A dataset is considered tidy when it is formed according to these rules:
- Each variable has its own column.
- Each observation has its own row.
- Each value has its own cell.
Why do we want tidy data?
- Because the entire tidyverse works with tidy data, especially the ggplot2 package.
- Pivoting data is also often used to make specific data representations for other purposes.
- Finally: we often receive “dirty” data that needs to be processed in order to be able to carry out our analyses.
Here is an example dataset, downloaded from the WHO website here Note: the original data was exported from Excel to csv, and a text editor was used to replace single quote occurrences (“’”) with an underscore. Otherwise, data will be corrupted.

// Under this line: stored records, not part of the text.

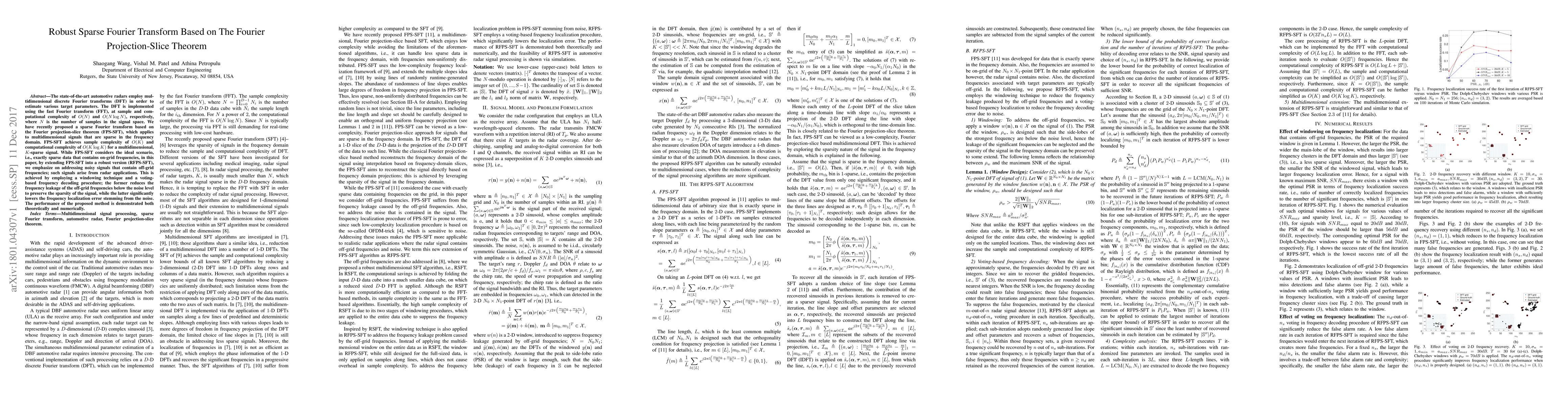 This paper proposes a robust sparse Fourier transform (RFPS-SFT) based on the Fourier projection-slice theorem to handle noisy, off-grid frequency signals in automotive radar applications. It employs a windowing technique and a voting-based frequency decoding procedure to reduce frequency leakage and localization error, achieving improved performance over the ideal sparse Fourier transform.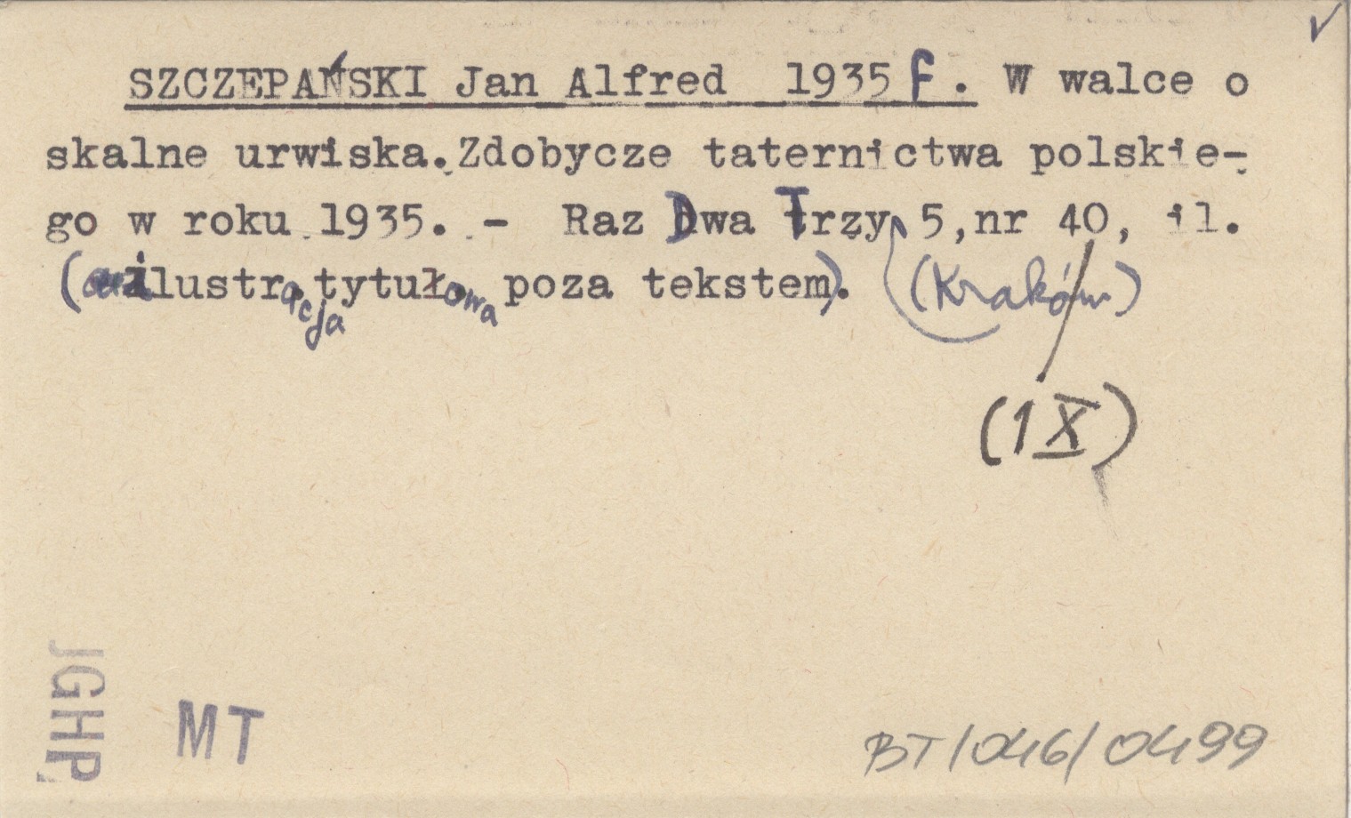 SZCZEPAŃSKI Jan Alfred 1935 f W walce o skalne urwiska. Zdobycze taternictwa polskiego w roku 1935.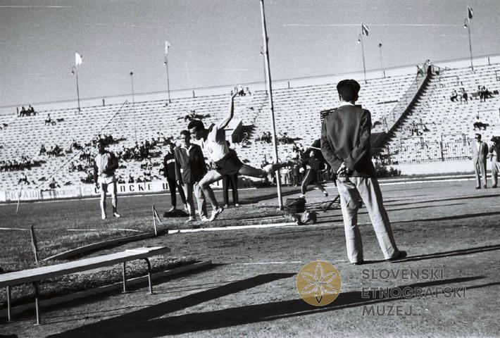 Beograjski stadion Partizana; dvoboj Beograd-Leningrad; suvanje krogle.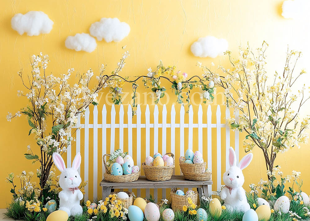 Toile de fond pour photographie de printemps de Pâques avec murs jaunes et œufs de lapin à Avezano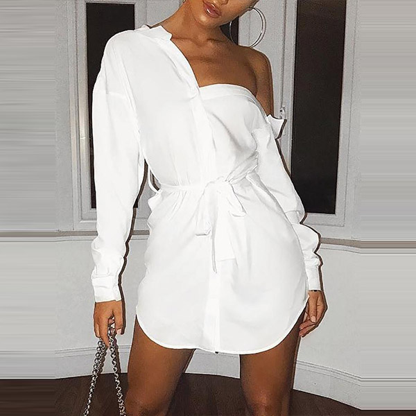 For your busy work days,this cozy yet stylish shirt dress can be a good choice. Solid color style,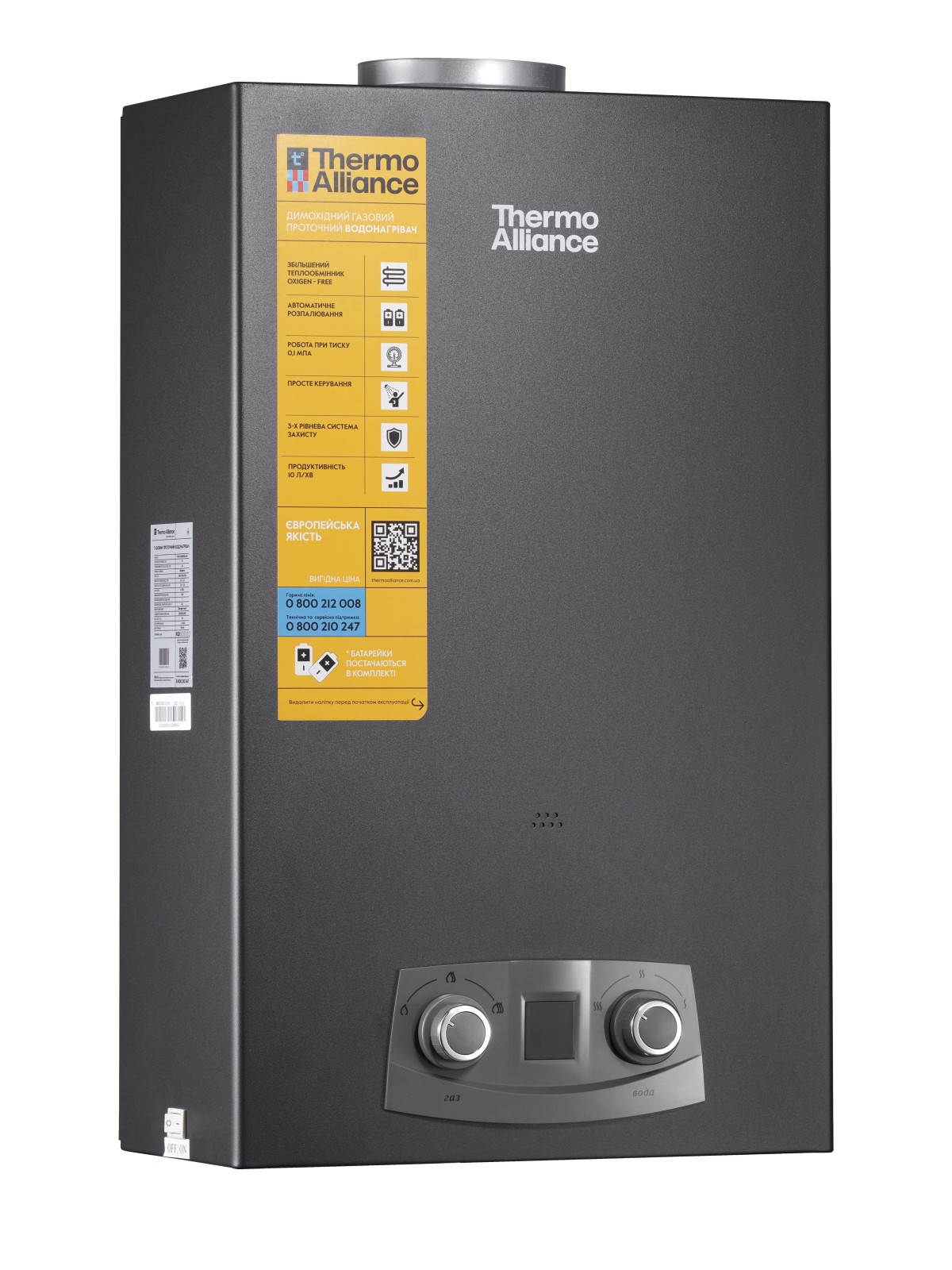 Газова колонка Thermo Alliance димохідна JSD20-10N-QB EURO+ 10л Black (чорна) namp;#8212; відмінне рішення для задоволення господарсько-побутових потреб у гарячій воді. Видалення продуктів згоряння газу відбувається за допомогою природної тяги. Електроживлення, яке необхідне для запуску процесу розпалу при відкритті крана ГВП, забезпечують дві батарейки постійного струму типу D. Корпус виробу чорного матового кольору , на лицьовій стороні внизу розташовані ручки регулювання параметрів роботи приладу. Теплообмінник виготовленний за технологією Oxygen Free (99,9% міді) вагою 2,4 кг з збільшеним перерізом труб.

The data concerns disease occurrences for two diseases: measles and rubella (“rode hond” in Dutch). Suppose I would like to analyse distribution and timeline of these two diseases, in relation to each other. There are two problems here: 1. The data needs to be clean 2. The data needs to be combined from two files into one dataframe.
Let’s start with the first: measles. Here is part of the measles data. It is not tidy. Why not?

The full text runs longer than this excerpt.